Control

get_parabolic_robin_backstepping_controller(state, approx_state, d_approx_state, approx_target_state, d_approx_target_state, integral_kernel_ll, original_beta, target_beta, scale=None)[source]

Build a modal approximated backstepping controller u(t)=(Kx)(t), for the (open loop-) diffusion system with reaction term, robin boundary condition and robin actuation

\begin{align*}
    \dot x(z,t) &= a_2 x''(z,t) + a_0 x(z,t),
     && z\in (0, l) \\
    x'(0,t) &= \alpha x(0,t) \\
    x'(l,t) &= -\beta x(l,t) + u(t)
\end{align*}

such that the closed loop system has the desired dynamic of the target system

\begin{align*}
    \dot{\bar{x}}(z,t) &= a_2 \bar x''(z,t) +
    \bar a_0 \bar x(z,t), && z\in (0, l) \\
    \bar x'(0,t) &= \bar\alpha \bar x(0,t) \\
    \bar x'(l,t) &= -\bar\beta x(l,t)
\end{align*}

where \bar a_0,\, \bar\alpha,\, \bar\beta are controller parameters.

The control design is performed using the backstepping method, whose integral transform

\bar x(z) = x(z) + \int_0^z k(z, \bar z) x(\bar z) \, d\bar z

maps from the original system to the target system.

Note

For more details see the example script pyinduct.examples.rad_eq_const_coeff that implements the example from [WoiEtAl17] .

Parameters:
  • state (list of ScalarTerm’s) – Measurement / value from simulation of x(l).
  • approx_state (list of ScalarTerm’s) – Modal approximated x(l).
  • d_approx_state (list of ScalarTerm’s) – Modal approximated x'(l).
  • approx_target_state (list of ScalarTerm’s) – Modal approximated \bar x(l).
  • d_approx_target_state (list of ScalarTerm’s) – Modal approximated \bar x'(l).
  • integral_kernel_ll (numbers.Number) –

    Integral kernel evaluated at \bar z = z = l :

    k(l, l) = \bar\alpha
- \alpha
+ \frac{a_0-\bar a_0}{a_2} l \:.

  • original_beta (numbers.Number) – Coefficient \beta of the original system.
  • target_beta (numbers.Number) – Coefficient \bar\beta of the target system.
  • scale (numbers.Number) – A constant c \in \mathbb R to scale the control law: u(t) = c \, (Kx)(t).
Returns:

(Kx)(t)

Return type:

Controller

[WoiEtAl17]Frank Woittennek, Marcus Riesmeier and Stefan Ecklebe; On approximation and implementation of transformation based feedback laws for distributed parameter systems; IFAC World Congress, 2017, Toulouse
split_domain(n, a_desired, l, mode='coprime')[source]

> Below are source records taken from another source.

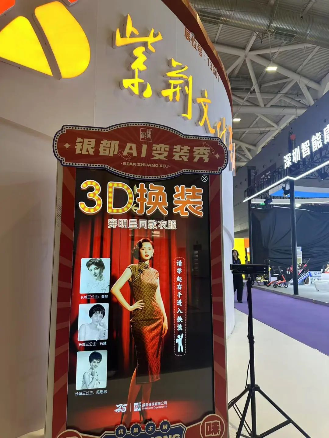舞台中央展出紫荆文化集团旗下银都机构数十部香港经典电影海报,运用AI技术实现静态海报动态视频转化,重现上世纪的光影记忆。舞台背后设有AI互动装置“银都时光机”,以银都机构经典电影戏服为素材进行AI活化,观众可体验变身电影主角,沉浸式感受经典电影魅力。通过光与影的交错融合,编织出一场视听盛宴,让观众深刻感受文化的力量与科技的魅力。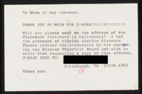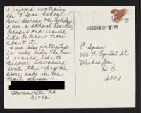 Appreciates the C-SPAN network but notices many people calling-in have an agenda. They recommend including more information of the callers like party affiliation, interest groups, and location, to improve credibility.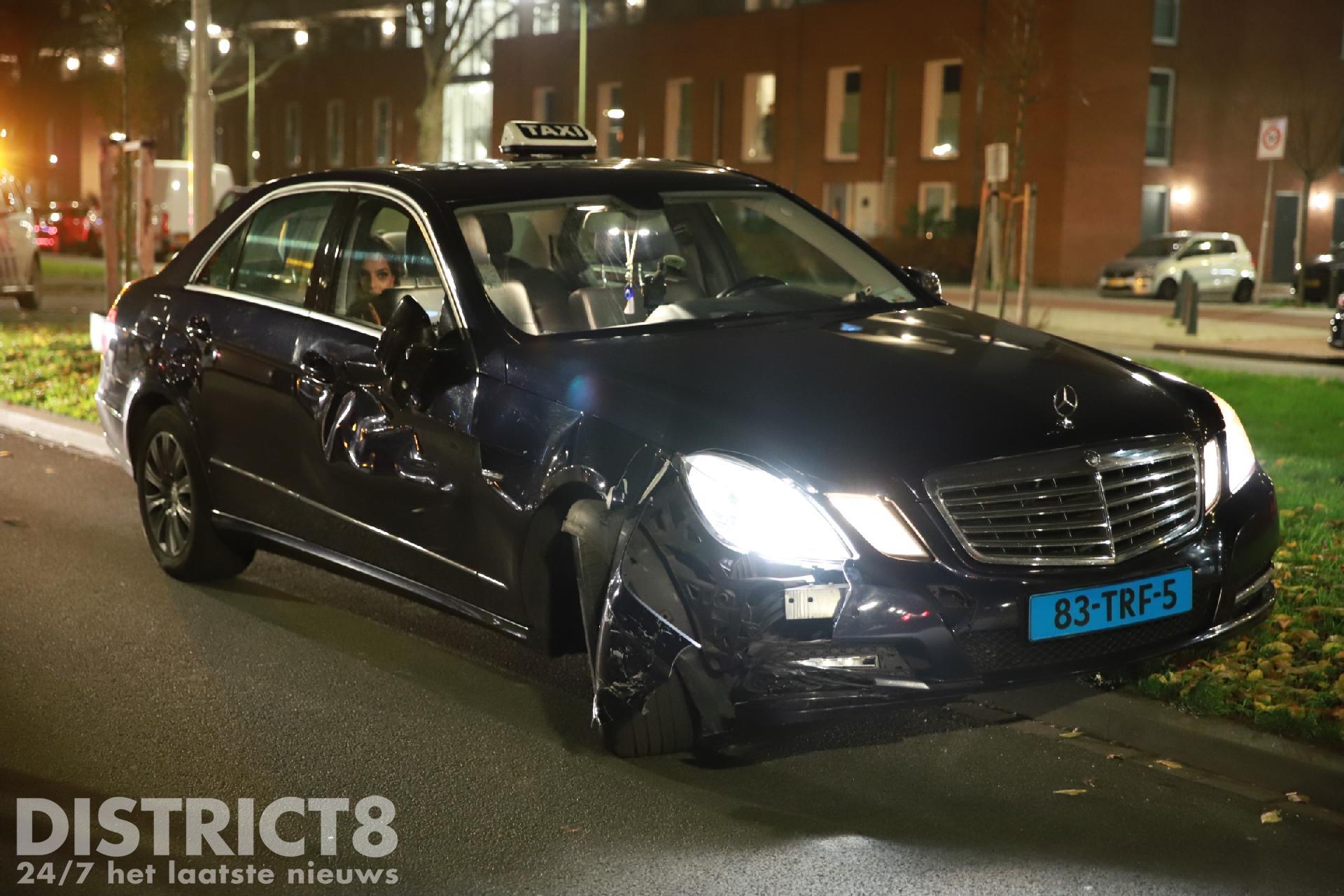 Beide voertuigen raakten flink beschadigd. De taxi zal worden opgehaald door een berger.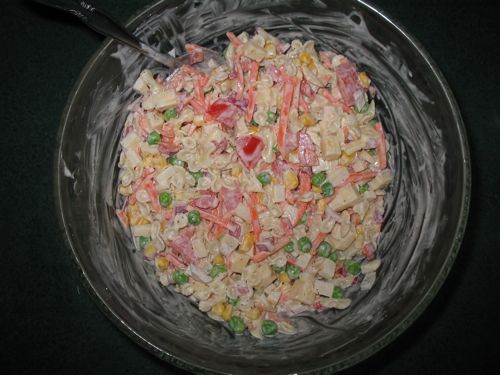 Cook your carb and drain. Mix in chopped meat, veggies, soup, creamed corn, cheese and spices. Pour into greased 2 quart casserole dish. Sprinkle on crunchy topping. Bake at 375˚ for about 30 min until bubbly and hot. Serve with salad and bread, if desired. :)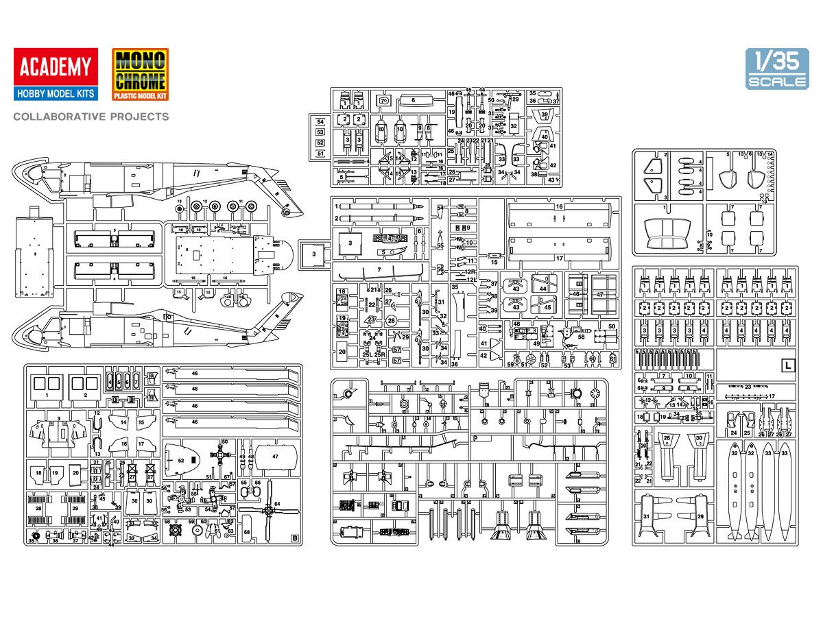 機体内部の兵員搭乗室とコックピット、赤外線暗視装置や増加燃料タンクを精密に再現しています。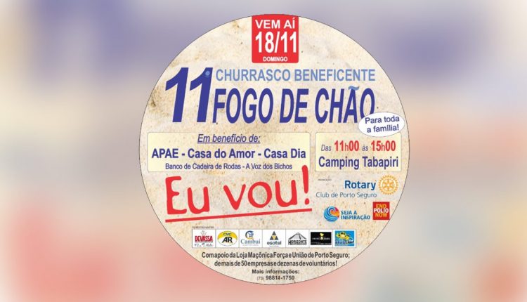 Será neste domingo, 18/11, o tradicional churrasco beneficente promovido pelo Rotary Club de Porto Seguro – 11º Fogo de Chão -. O evento acontece anualmente no Camping Tabapiri, e neste ano, além de dezenas de voluntários, conta com a parceria da Loja Maçônica Força e União, dos Rotarys de Porto Seguro e Arraial D’ajuda e dezenas de empresas patrocinadoras.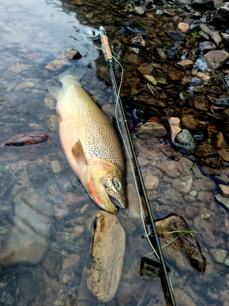 The night is long at this time of year and daylight short, and dry fly opportunities brief. One or two hours in the afternoon, maybe slightly more, depending on the intensity of the hatch. My first day I experienced a weak hatch. The second day it drizzled a bit, was colder and the sky ominous looking. The hatch was strong. The river section I was on came alive, and I connected with size 18 and 20 parachute BWO dries. Rising trout on November 4th. It was a good day. So good I flipped my fly rod in the air.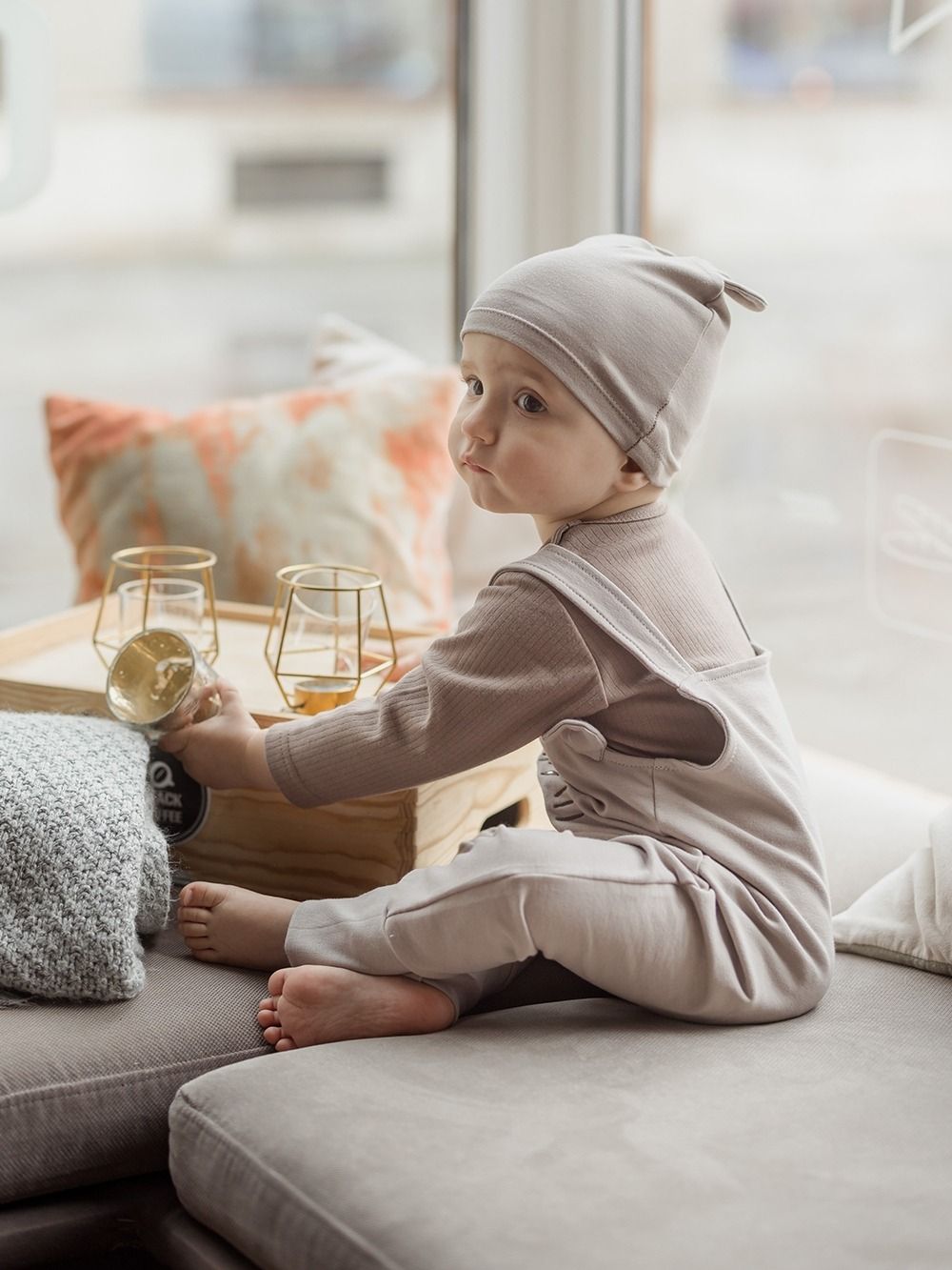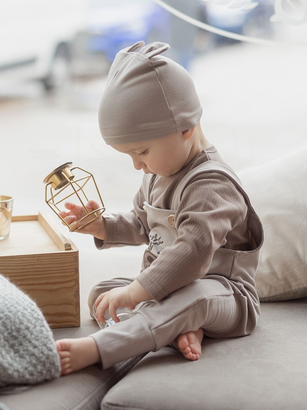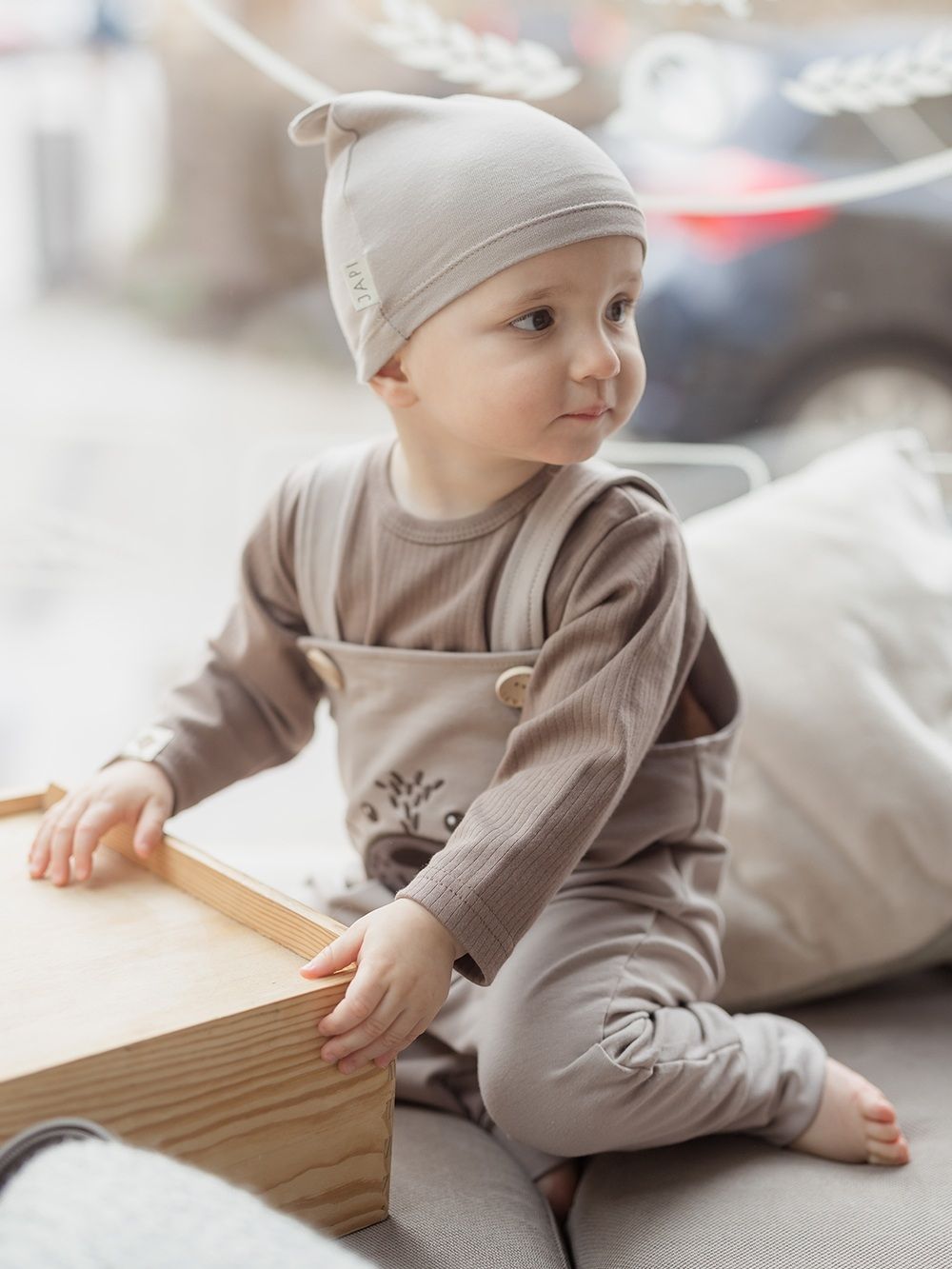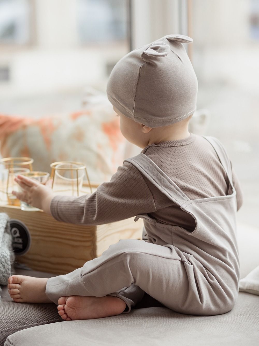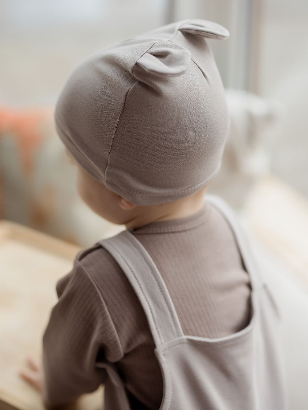 Pamučna kapa za bebe Kapa za bebe s ukusnim ušima. Udoban kroj, 100% pamuk. Nježno zaobilazi glavu i ne tiska. U dvije zemljane boje.

Consider a domain [0,l] which is divided into the two sub domains [0,a] and [a,l] with the discretization l_0 = l/n and a partition a + b = l.

Calculate two numbers k_1 and k_2 with k_1 + k_2 = n such that n is odd and a = k_1l_0 is close to a_desired.

Parameters:
  • n (int) – Number of sub-intervals to create (must be odd).
  • a_desired (float) – Desired partition size a .
  • l (float) – Length l of the interval.
  • mode (str) –

    Operation mode to use:

    • ’coprime’: k_1 and k_2 are coprime (default) .
    • ’force_k2_as_prime_number’: k_2 is a prime number (k_1 and k_2 are coprime)
    • ’one_even_one_odd’: One is even and one is odd.